O günün şartlarında gösterilen cesareti düşündüğümüzde, aslında kadınlarımızın yalnızca ev içi rollere değil, milletin varoluş mücadelesine ne kadar güçlü katkılar sunduğunu bir kez daha görürüz.
Cumhuriyet ile birlikte dönüşen kadın kimliği
Atatürk’ün “Dünyada her şey kadının eseridir” sözü, Türkiye’nin yeni yüzünü oluştururken kadının merkezde olacağını işaret ediyordu.
Eğitim, siyaset, hukuk, meslek hayatı… Kadınlar Cumhuriyet ile birlikte her alanda görünür oldular. Bu yalnızca bir hak kazanımı değil, tarihsel bir kimliğin yeniden doğrulmasıydı.
Bugün: Sözün, emeğin ve özgüvenin zamanı
Bugün kadının toplumdaki rolü artık sadece bir konu değil, bir sorumluluktur.
Kadının fikrini, emeğini, üretimini, sanatını, bilgeliğini merkeze alamayan hiçbir toplum, çağın gerisinde kalmaktan kurtulamaz.

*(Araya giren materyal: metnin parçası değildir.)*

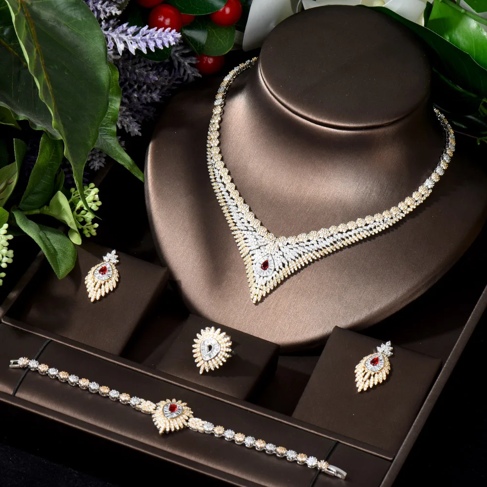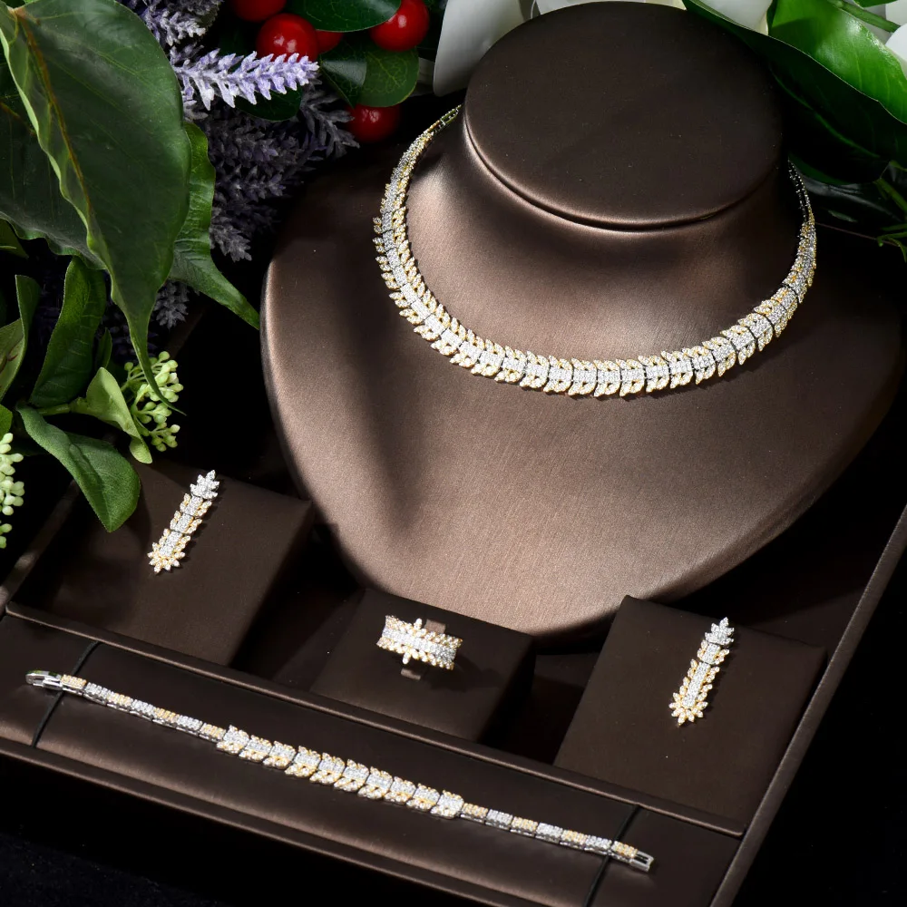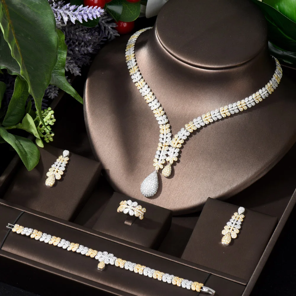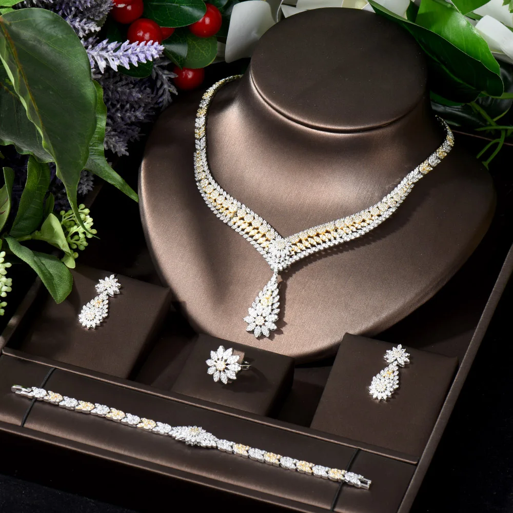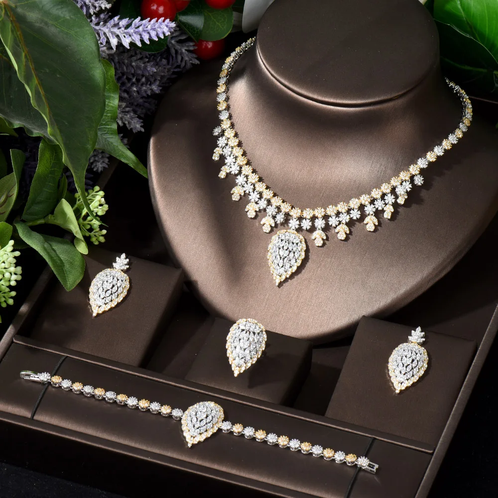 HIBRIDE التخليص السعر خمر دبي 2 نغمات طقم مجوهرات للنساء زركون أقراط للعروسة وقلادة مجموعة بيجو

Tarih bize bunu defalarca gösterdi.
Kadın; toplumu dönüştüren, aileyi şekillendiren, kültürü taşıyan, mücadeleyi büyüten bir güçtür.
Ve bu güç, tarihte olduğu gibi bugün de milletin en sağlam dayanağı olmaya devam etmektedir.
Atatürk, kadınlarımıza seçme ve seçilme hakkını vermiştir.